» **TASK TO CARRY OUT**
Set each line of the material below down word for word, from the first through the line that holds "왼쪽 갈비뼈 아래 통증은 패턴을 보면 원인 파악이 쉬워집니다.", but not the pictures.

» **EXERCISE INPUTS**
# # # #

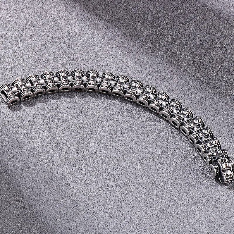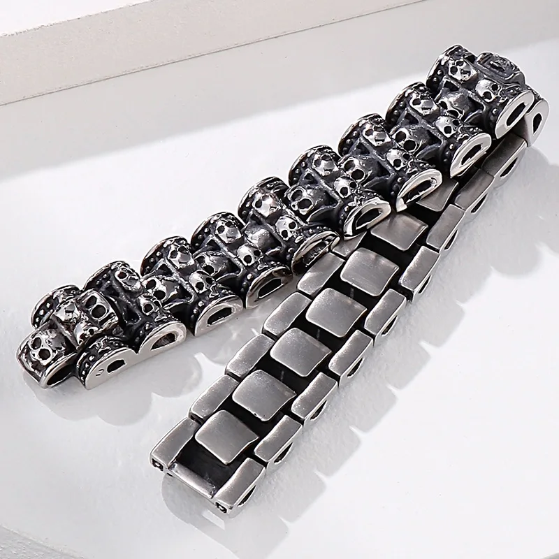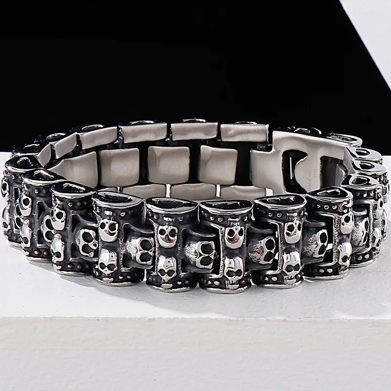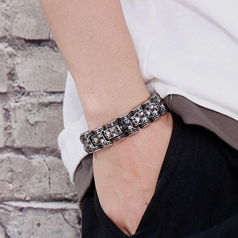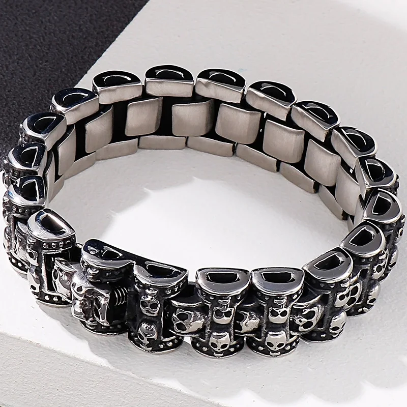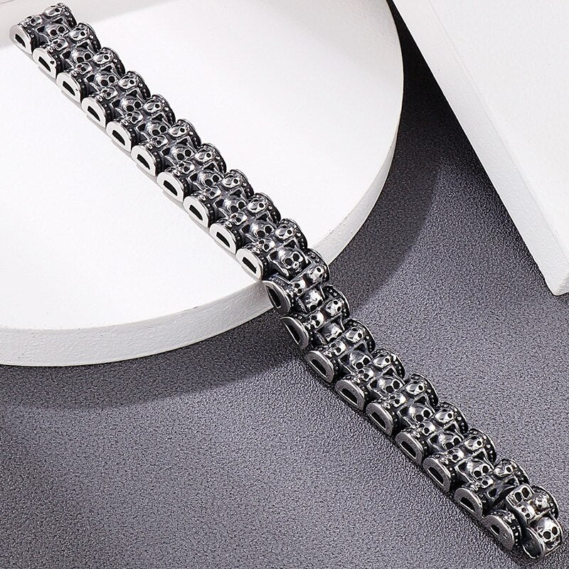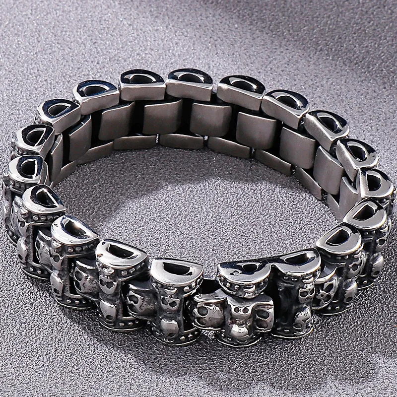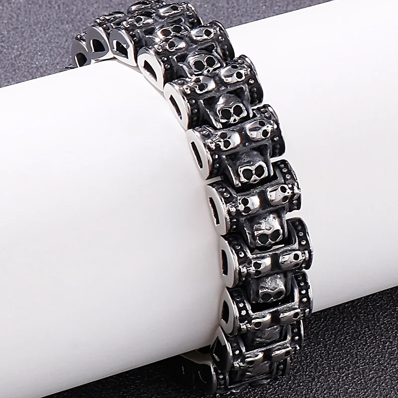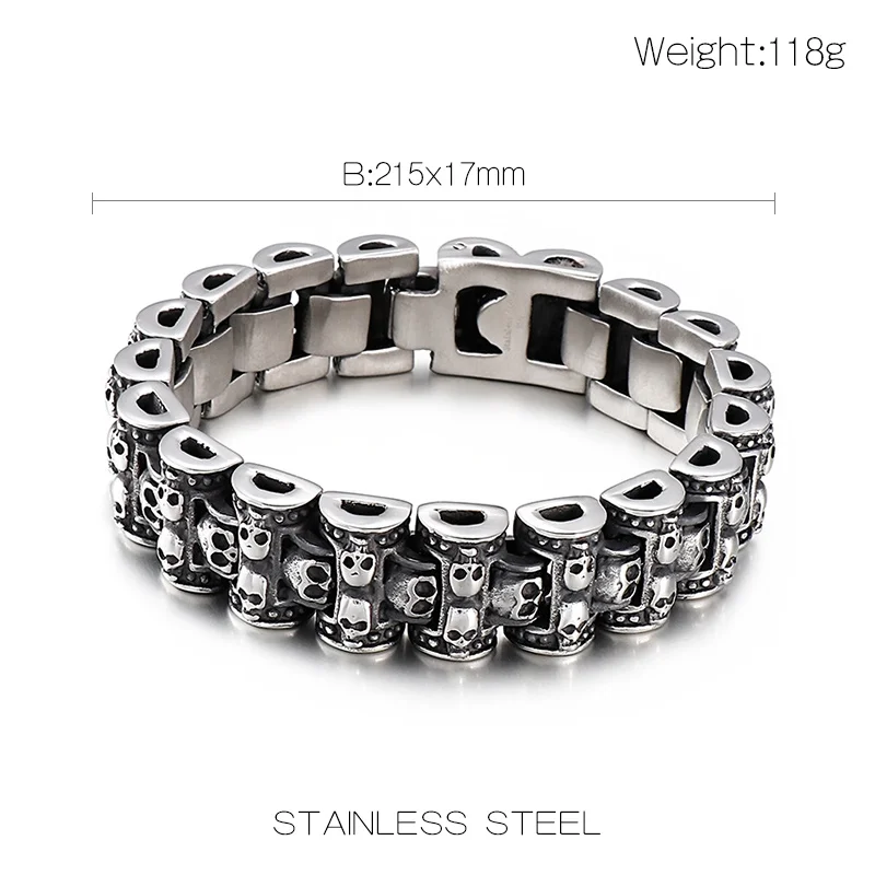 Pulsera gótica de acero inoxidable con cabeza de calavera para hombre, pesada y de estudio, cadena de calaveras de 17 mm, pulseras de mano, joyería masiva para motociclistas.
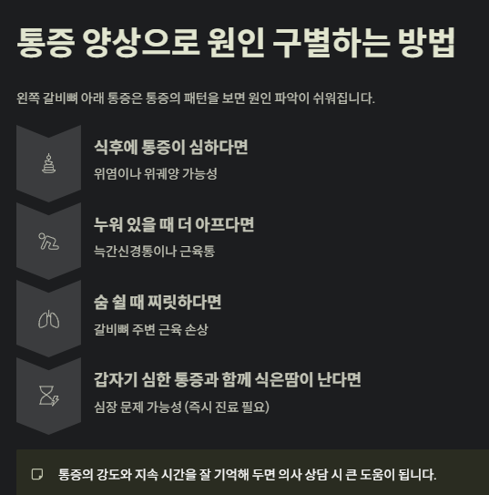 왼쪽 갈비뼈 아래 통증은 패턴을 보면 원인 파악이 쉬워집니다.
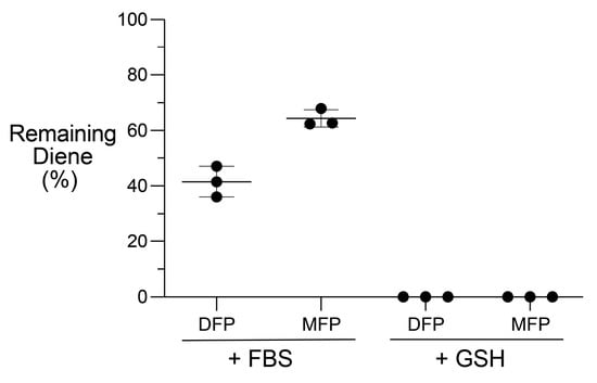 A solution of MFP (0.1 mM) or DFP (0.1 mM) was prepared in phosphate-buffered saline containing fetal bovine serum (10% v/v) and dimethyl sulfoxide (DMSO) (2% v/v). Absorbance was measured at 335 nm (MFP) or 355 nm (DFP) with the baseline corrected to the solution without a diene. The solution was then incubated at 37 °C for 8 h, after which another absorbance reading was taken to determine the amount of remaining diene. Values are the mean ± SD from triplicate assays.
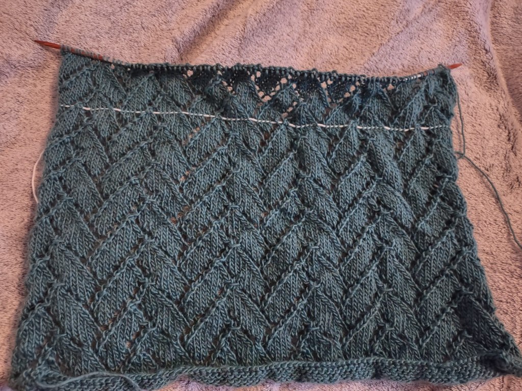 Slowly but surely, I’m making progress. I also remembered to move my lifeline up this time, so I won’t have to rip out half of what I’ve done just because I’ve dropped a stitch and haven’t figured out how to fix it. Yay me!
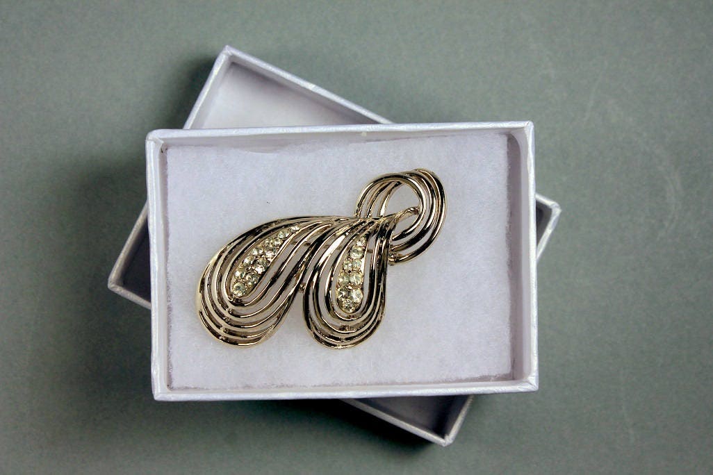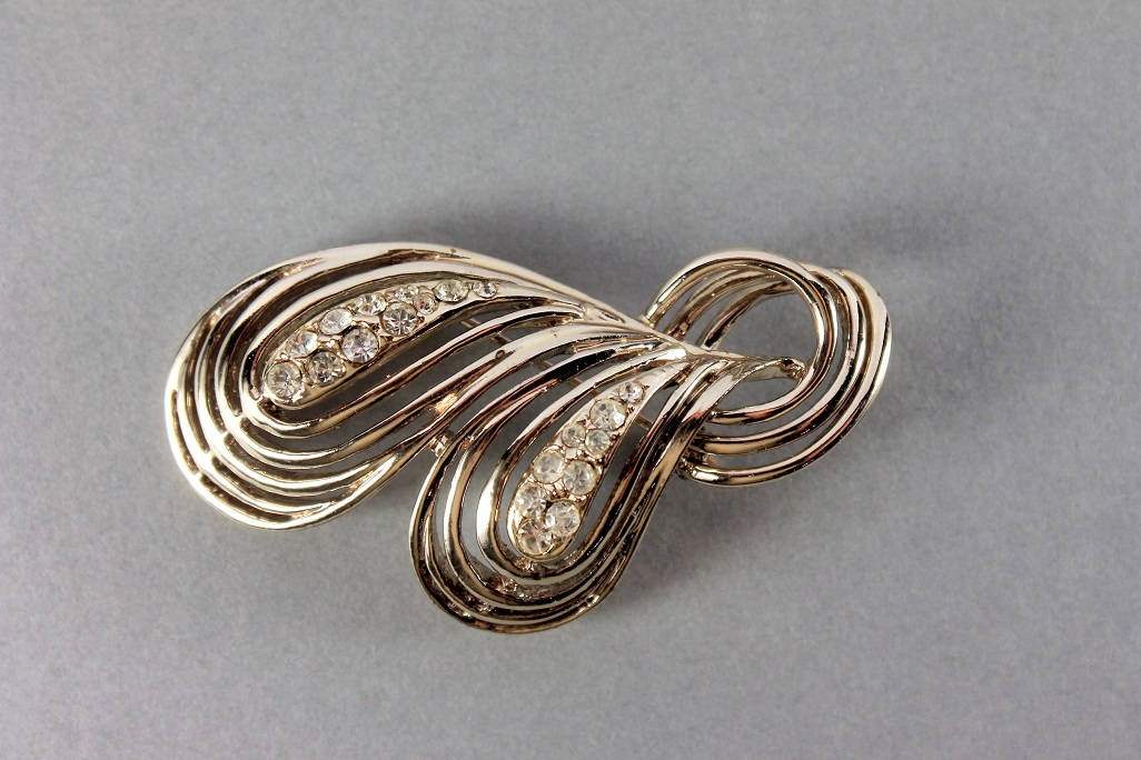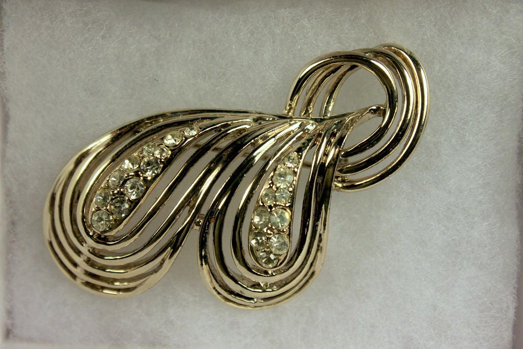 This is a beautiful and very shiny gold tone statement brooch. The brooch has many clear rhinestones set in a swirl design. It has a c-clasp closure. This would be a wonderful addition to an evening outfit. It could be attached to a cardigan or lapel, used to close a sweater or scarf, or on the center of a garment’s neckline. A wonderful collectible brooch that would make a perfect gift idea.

# # # #

» **REPLY**
 Pulsera gótica de acero inoxidable con cabeza de calavera para hombre, pesada y de estudio, cadena de calaveras de 17 mm, pulseras de mano, joyería masiva para motociclistas.
 왼쪽 갈비뼈 아래 통증은 패턴을 보면 원인 파악이 쉬워집니다.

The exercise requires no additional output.